Problem to work on
The records that follow need to be printed exactly. Leave out each image.

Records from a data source
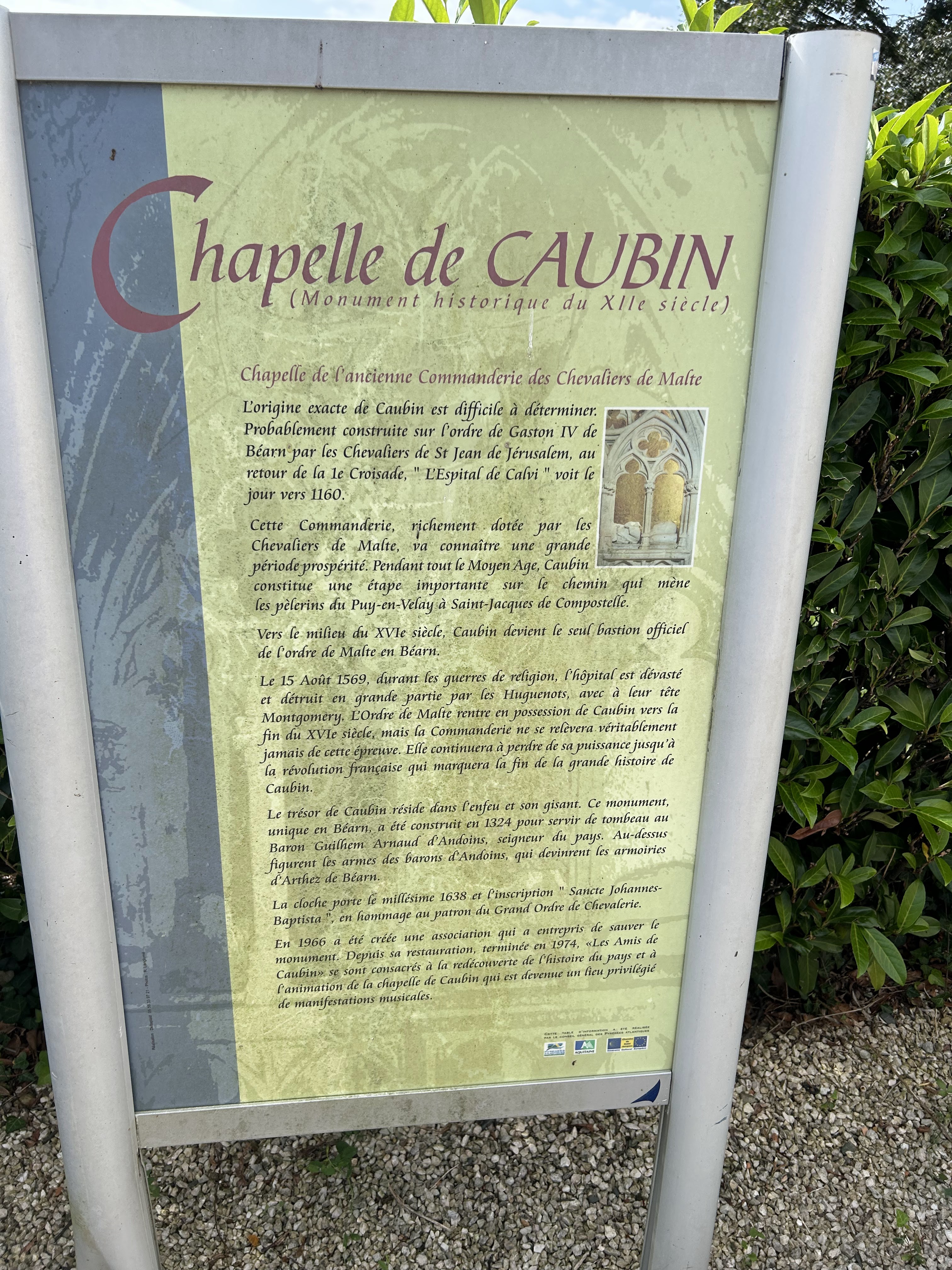 Chapelle de Caubin, Arthez de Béarn. Construite au XIIème siècle, la chapelle de Caubin fait partie d’un ancien hôpital situé sur les chemins de Compostelle. Classée au titre des monuments historiques, découvrez la chapelle de Caubin et Arthez de Béarn, lieu de passage de la voie du Puy.
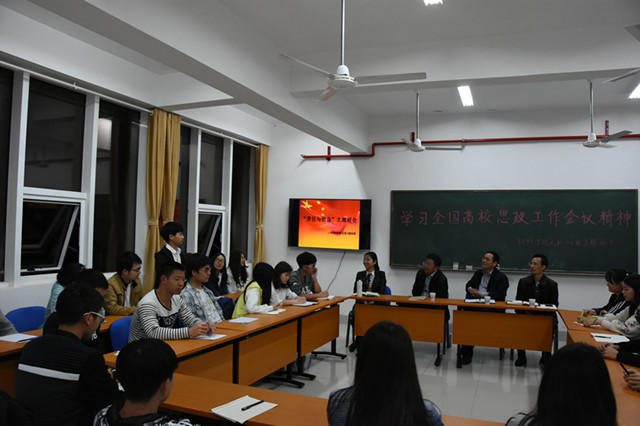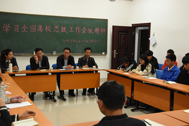 4月17日晚七点半,校党委书记付宏渊来到材料学院“责任与担当”主题班会的现场,并向所联系班级——无机1603班解读“学习全国高校思想政治工作会议精神”。材料学院党委书记张国强、该班班主任陈召勇和辅导员唐青参加了班会。
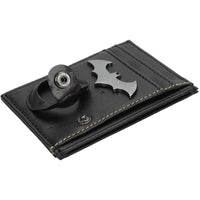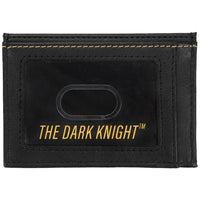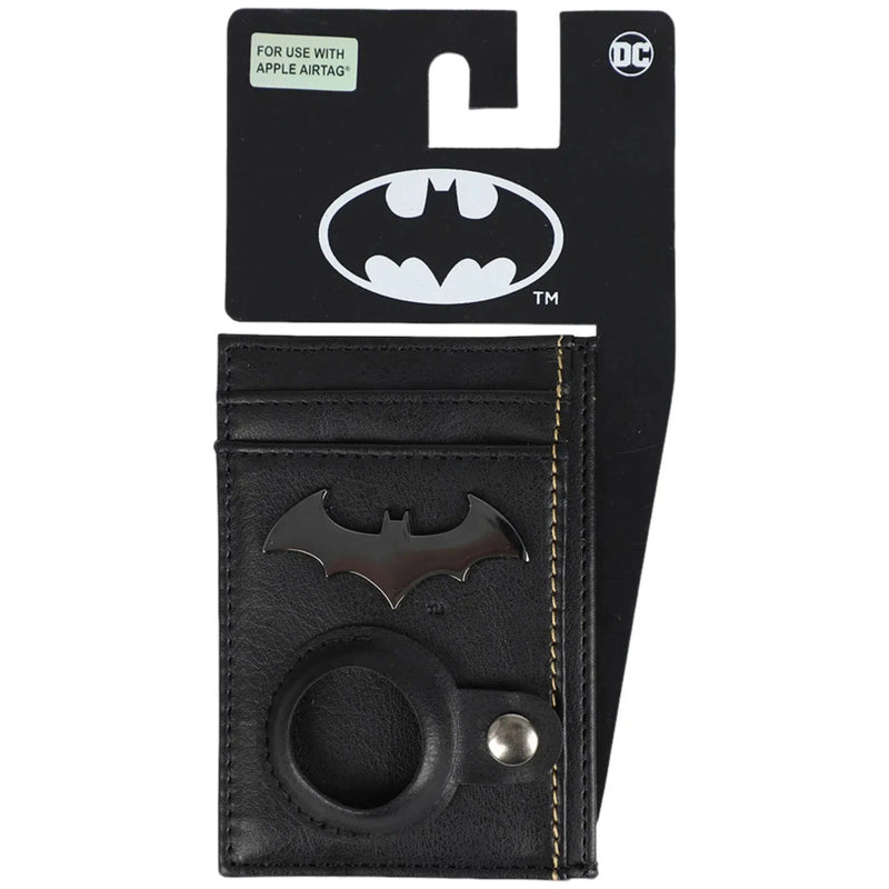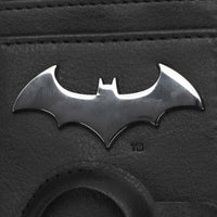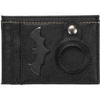 The sleek design features a metal badge logo of the classic Bat Symbol, along with screen-printed and debossed artwork that highlights the brooding essence of The Dark Knight. A built-in tracker pouch adds a layer of practicality, ensuring you can always locate your wallet with ease.
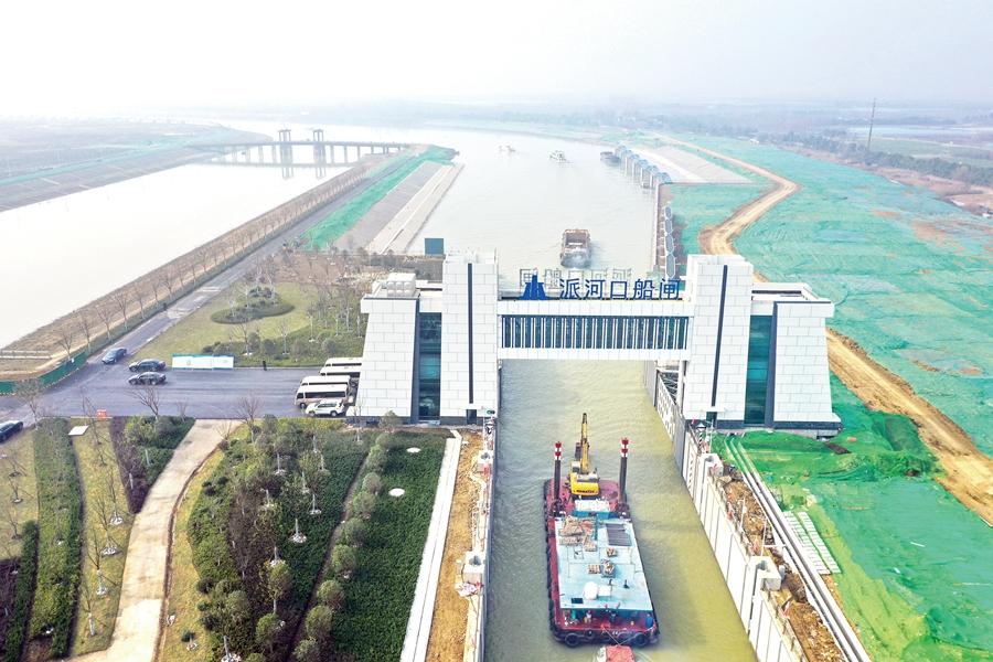 船只通过引江济淮派河口船闸(无人机照片)。 新华社发(刘玉才 摄)
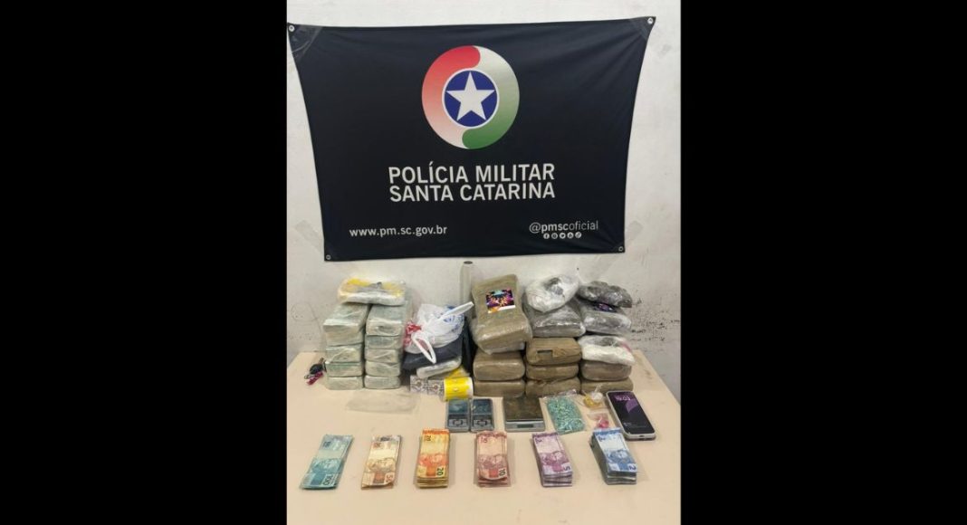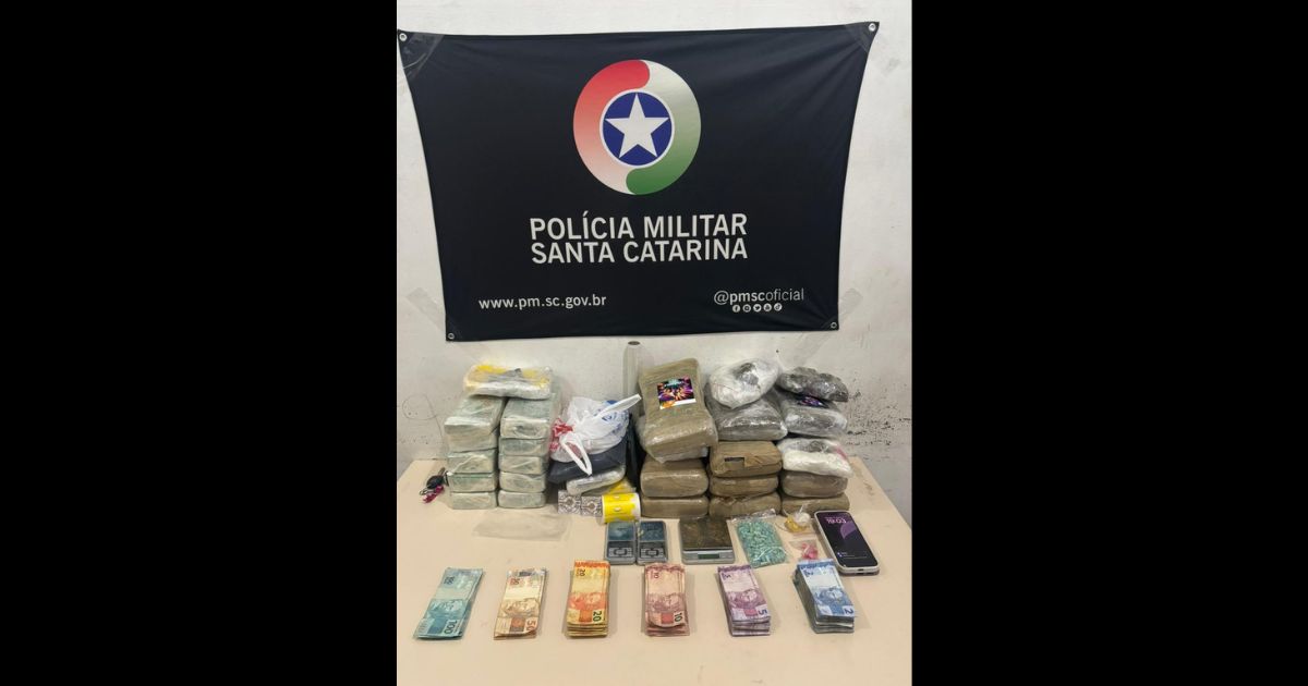 No pátio da residência, dentro de outro veículo, um Volkswagen Gol cinza, foram encontrados tabletes de maconha. As buscas no imóvel resultaram na apreensão de uma grande quantidade de entorpecentes, além de mais de R$ 3 mil em espécie.
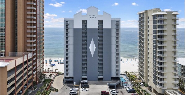 Island Royale offers a heated inside/outside pool, two hot tubs, kiddie pool with mushroom fountain, sauna, steam room, and exercise room overlooking the beach. There are grilling stations located on the east end of the building.
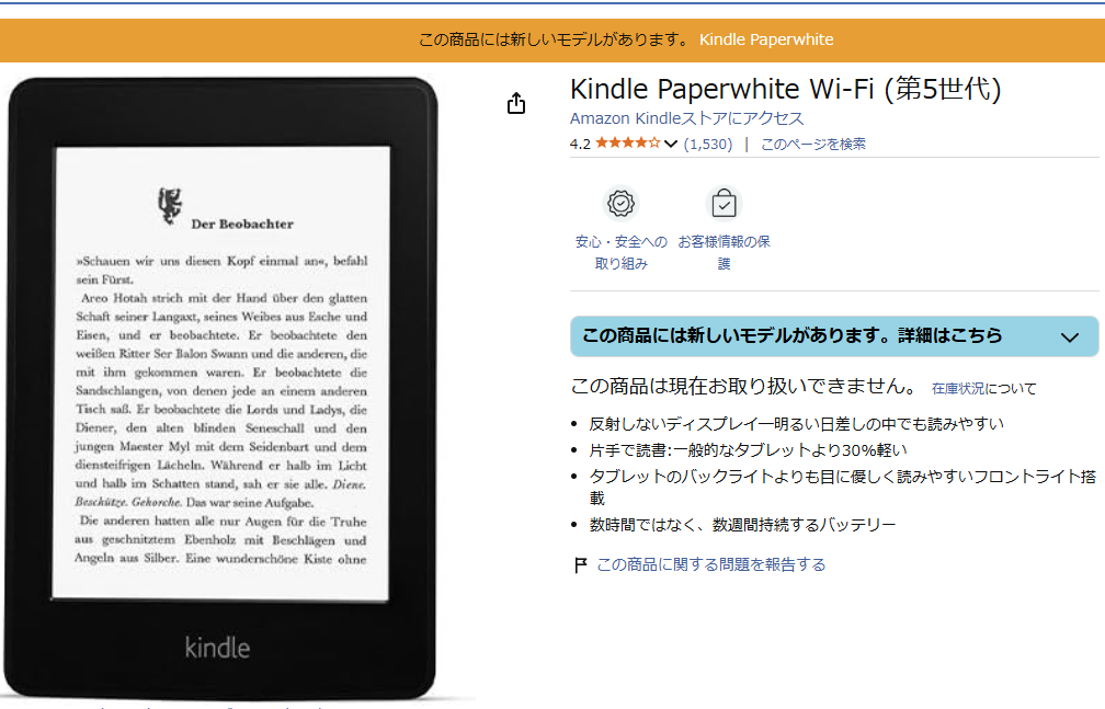 かなり分かりづらいけど、調べたらこの【第五世代】っていうのはPaperwhiteの第5世代ではなく、Kindleシリーズ全体の第5世代の時期に出たPaperwhiteという意味らしい。Paperwhiteの第一世代。
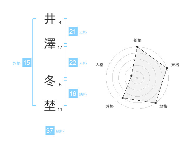 井澤 冬埜さんの総格は37画の5点!
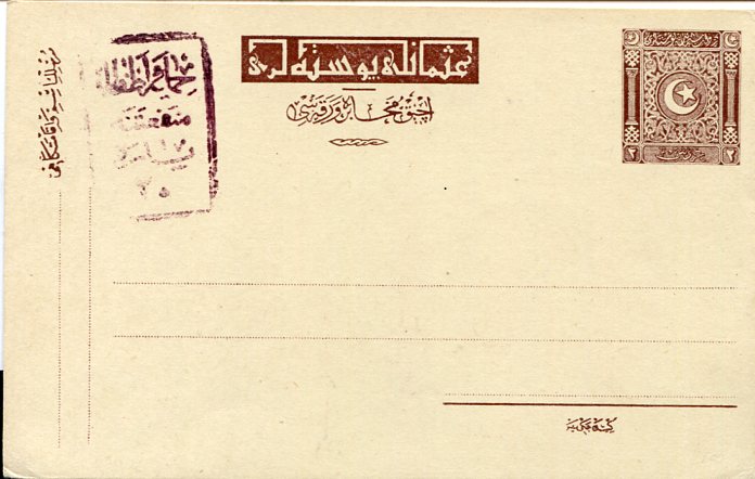 Turkey: 1922 unused 2k postal stationery card handstamped ‘Himaye-i Etfal Menfaatine Para 20’ (for the child welfare society) in black violet. Isfila AN154C
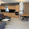 Bucătărie complet mobilată și utilată, echipată cu electrocasnice moderne.
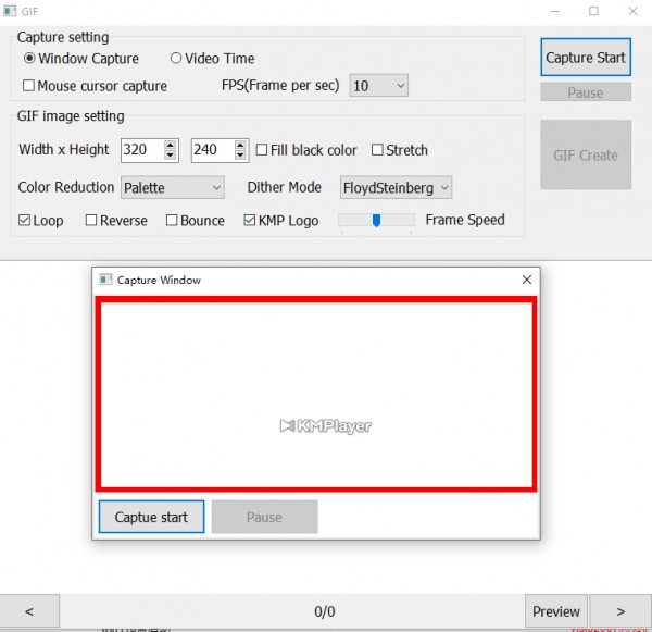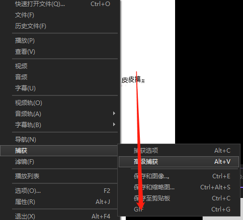 2、单击KMPlayer界面左上角的菜单按钮,然后选择"捕获"--“GIF”选项,这将打开KMPlayer的录制界面。
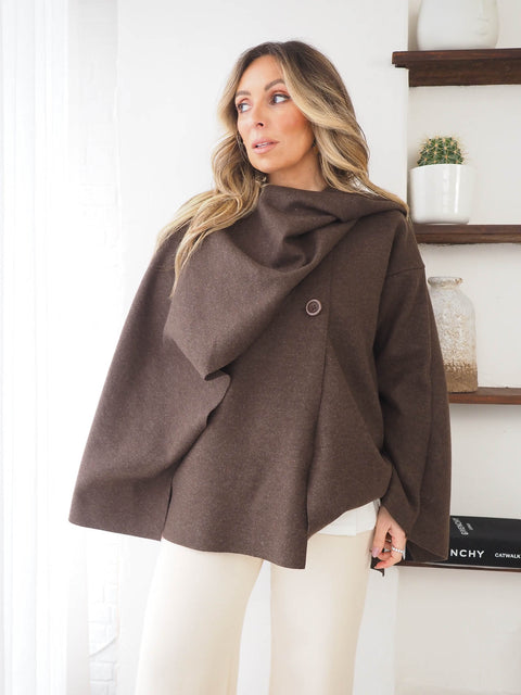 A capa estilo casaco feminina é a peça perfeita para quem procura elegância, conforto e um toque sofisticado nos dias mais frescos. Com gola redonda, fecho de botão e cachecol incorporado, esta capa alia design funcional a um estilo moderno e intemporal. O cachecol integrado acrescenta praticidade e proteção extra contra o frio, tornando esta capa ideal para o outono e inverno. A gola redonda clássica confere um acabamento elegante, enquanto o fecho de botão garante facilidade ao vestir e um ajuste confortável. Versátil e cheia de estilo, esta capa feminina estilo casaco adapta-se facilmente a looks casuais, urbanos ou mais sofisticados, podendo ser usada sobre camisolas, malhas ou vestidos. Uma peça prática e diferenciadora, indispensável no guarda-roupa feminino.

Solution to this task
 Chapelle de Caubin, Arthez de Béarn. Construite au XIIème siècle, la chapelle de Caubin fait partie d’un ancien hôpital situé sur les chemins de Compostelle. Classée au titre des monuments historiques, découvrez la chapelle de Caubin et Arthez de Béarn, lieu de passage de la voie du Puy.
 4月17日晚七点半,校党委书记付宏渊来到材料学院“责任与担当”主题班会的现场,并向所联系班级——无机1603班解读“学习全国高校思想政治工作会议精神”。材料学院党委书记张国强、该班班主任陈召勇和辅导员唐青参加了班会。
 The sleek design features a metal badge logo of the classic Bat Symbol, along with screen-printed and debossed artwork that highlights the brooding essence of The Dark Knight. A built-in tracker pouch adds a layer of practicality, ensuring you can always locate your wallet with ease.
 船只通过引江济淮派河口船闸(无人机照片)。 新华社发(刘玉才 摄)
 No pátio da residência, dentro de outro veículo, um Volkswagen Gol cinza, foram encontrados tabletes de maconha. As buscas no imóvel resultaram na apreensão de uma grande quantidade de entorpecentes, além de mais de R$ 3 mil em espécie.
 Island Royale offers a heated inside/outside pool, two hot tubs, kiddie pool with mushroom fountain, sauna, steam room, and exercise room overlooking the beach. There are grilling stations located on the east end of the building.
 かなり分かりづらいけど、調べたらこの【第五世代】っていうのはPaperwhiteの第5世代ではなく、Kindleシリーズ全体の第5世代の時期に出たPaperwhiteという意味らしい。Paperwhiteの第一世代。
 井澤 冬埜さんの総格は37画の5点!
 Turkey: 1922 unused 2k postal stationery card handstamped ‘Himaye-i Etfal Menfaatine Para 20’ (for the child welfare society) in black violet. Isfila AN154C
 Bucătărie complet mobilată și utilată, echipată cu electrocasnice moderne.
 2、单击KMPlayer界面左上角的菜单按钮,然后选择"捕获"--“GIF”选项,这将打开KMPlayer的录制界面。
 A capa estilo casaco feminina é a peça perfeita para quem procura elegância, conforto e um toque sofisticado nos dias mais frescos. Com gola redonda, fecho de botão e cachecol incorporado, esta capa alia design funcional a um estilo moderno e intemporal. O cachecol integrado acrescenta praticidade e proteção extra contra o frio, tornando esta capa ideal para o outono e inverno. A gola redonda clássica confere um acabamento elegante, enquanto o fecho de botão garante facilidade ao vestir e um ajuste confortável. Versátil e cheia de estilo, esta capa feminina estilo casaco adapta-se facilmente a looks casuais, urbanos ou mais sofisticados, podendo ser usada sobre camisolas, malhas ou vestidos. Uma peça prática e diferenciadora, indispensável no guarda-roupa feminino.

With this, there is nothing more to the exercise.